(Recorded data)
============================================================
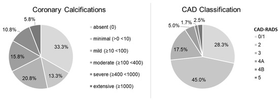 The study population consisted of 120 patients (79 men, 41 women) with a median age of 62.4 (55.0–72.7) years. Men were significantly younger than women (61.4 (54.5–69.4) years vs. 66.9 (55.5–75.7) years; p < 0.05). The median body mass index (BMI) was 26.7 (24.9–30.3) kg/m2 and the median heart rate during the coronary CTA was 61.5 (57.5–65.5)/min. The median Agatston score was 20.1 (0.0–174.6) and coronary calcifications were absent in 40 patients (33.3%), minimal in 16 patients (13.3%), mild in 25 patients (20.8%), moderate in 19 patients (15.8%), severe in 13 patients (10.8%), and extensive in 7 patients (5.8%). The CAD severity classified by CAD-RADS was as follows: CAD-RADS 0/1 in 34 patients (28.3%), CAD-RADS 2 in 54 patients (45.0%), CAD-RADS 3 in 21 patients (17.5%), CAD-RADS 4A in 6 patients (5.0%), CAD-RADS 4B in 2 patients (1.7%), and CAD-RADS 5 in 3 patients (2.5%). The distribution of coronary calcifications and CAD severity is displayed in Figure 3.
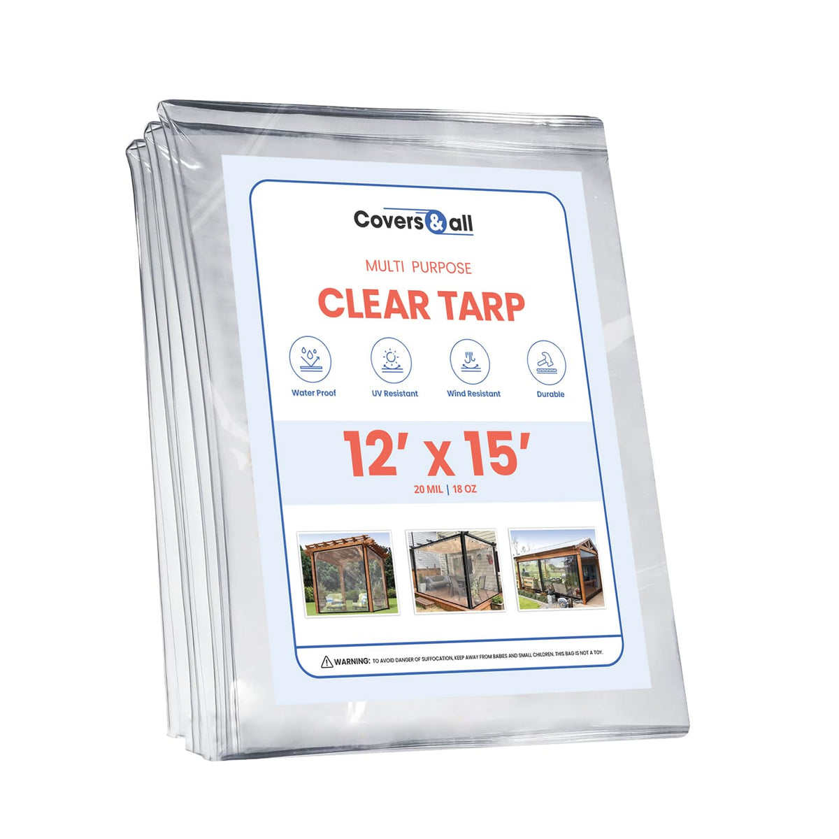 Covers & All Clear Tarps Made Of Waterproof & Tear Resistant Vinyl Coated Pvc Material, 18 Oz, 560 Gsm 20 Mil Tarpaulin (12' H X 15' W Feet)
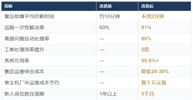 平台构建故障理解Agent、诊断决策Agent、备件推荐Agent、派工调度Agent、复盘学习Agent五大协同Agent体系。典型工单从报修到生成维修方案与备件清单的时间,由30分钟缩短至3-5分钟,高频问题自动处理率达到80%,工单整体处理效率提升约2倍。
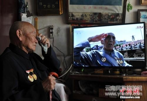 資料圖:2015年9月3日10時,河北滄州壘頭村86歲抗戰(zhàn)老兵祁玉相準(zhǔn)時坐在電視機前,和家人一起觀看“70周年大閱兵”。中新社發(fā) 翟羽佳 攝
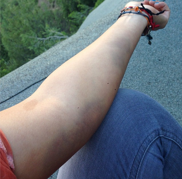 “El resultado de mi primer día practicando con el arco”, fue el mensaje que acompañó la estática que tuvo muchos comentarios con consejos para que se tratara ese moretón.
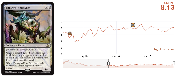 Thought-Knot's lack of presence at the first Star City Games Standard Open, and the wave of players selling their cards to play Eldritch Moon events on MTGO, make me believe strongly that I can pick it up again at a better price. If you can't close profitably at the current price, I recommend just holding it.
============================================================
Please retype, exactly and with the pictures left out, the lines from the line containing "tratara ese moretón." through the last line of the records above.

• COMPLETED EXERCISE:
 “El resultado de mi primer día practicando con el arco”, fue el mensaje que acompañó la estática que tuvo muchos comentarios con consejos para que se tratara ese moretón.
 Thought-Knot's lack of presence at the first Star City Games Standard Open, and the wave of players selling their cards to play Eldritch Moon events on MTGO, make me believe strongly that I can pick it up again at a better price. If you can't close profitably at the current price, I recommend just holding it.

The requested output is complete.